:: WHAT TO WORK ON ::
A word-for-word transcript of the closing lines is required: from the one with "El Collar Raíz" through the final line of the data.

Collected data:
- - - - -

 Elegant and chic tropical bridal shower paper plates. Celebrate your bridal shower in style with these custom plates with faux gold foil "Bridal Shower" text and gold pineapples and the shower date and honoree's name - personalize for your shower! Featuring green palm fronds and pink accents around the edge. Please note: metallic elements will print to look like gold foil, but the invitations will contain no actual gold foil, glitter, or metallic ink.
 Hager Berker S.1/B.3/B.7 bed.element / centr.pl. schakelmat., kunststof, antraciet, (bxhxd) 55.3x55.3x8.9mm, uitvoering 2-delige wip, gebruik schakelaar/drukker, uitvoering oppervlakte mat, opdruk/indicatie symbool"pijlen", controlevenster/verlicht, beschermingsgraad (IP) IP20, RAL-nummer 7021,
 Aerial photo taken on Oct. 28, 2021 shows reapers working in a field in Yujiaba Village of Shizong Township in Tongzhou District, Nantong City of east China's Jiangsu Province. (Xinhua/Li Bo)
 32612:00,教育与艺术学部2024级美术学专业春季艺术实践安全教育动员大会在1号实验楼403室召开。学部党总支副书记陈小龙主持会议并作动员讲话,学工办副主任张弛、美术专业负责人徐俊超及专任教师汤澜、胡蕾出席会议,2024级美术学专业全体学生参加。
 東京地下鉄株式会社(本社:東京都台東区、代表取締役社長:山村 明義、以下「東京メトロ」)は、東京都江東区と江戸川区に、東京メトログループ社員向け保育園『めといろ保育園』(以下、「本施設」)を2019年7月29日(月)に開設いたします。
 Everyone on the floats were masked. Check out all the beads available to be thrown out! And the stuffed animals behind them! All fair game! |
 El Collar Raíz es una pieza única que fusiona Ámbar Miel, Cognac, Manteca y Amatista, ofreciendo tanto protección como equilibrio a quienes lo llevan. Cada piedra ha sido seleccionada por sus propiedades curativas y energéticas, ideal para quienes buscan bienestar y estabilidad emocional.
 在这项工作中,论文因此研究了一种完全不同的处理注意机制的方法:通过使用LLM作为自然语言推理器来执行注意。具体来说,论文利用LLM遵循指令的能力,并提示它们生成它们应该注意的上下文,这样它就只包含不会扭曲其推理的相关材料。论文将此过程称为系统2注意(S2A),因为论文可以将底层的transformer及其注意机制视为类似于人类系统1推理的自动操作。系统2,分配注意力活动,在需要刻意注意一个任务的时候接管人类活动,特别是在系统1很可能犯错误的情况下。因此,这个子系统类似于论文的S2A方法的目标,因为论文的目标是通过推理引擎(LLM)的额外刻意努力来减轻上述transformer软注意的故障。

- - - - -

:: REPLY ::
 El Collar Raíz es una pieza única que fusiona Ámbar Miel, Cognac, Manteca y Amatista, ofreciendo tanto protección como equilibrio a quienes lo llevan. Cada piedra ha sido seleccionada por sus propiedades curativas y energéticas, ideal para quienes buscan bienestar y estabilidad emocional.
 在这项工作中,论文因此研究了一种完全不同的处理注意机制的方法:通过使用LLM作为自然语言推理器来执行注意。具体来说,论文利用LLM遵循指令的能力,并提示它们生成它们应该注意的上下文,这样它就只包含不会扭曲其推理的相关材料。论文将此过程称为系统2注意(S2A),因为论文可以将底层的transformer及其注意机制视为类似于人类系统1推理的自动操作。系统2,分配注意力活动,在需要刻意注意一个任务的时候接管人类活动,特别是在系统1很可能犯错误的情况下。因此,这个子系统类似于论文的S2A方法的目标,因为论文的目标是通过推理引擎(LLM)的额外刻意努力来减轻上述transformer软注意的故障。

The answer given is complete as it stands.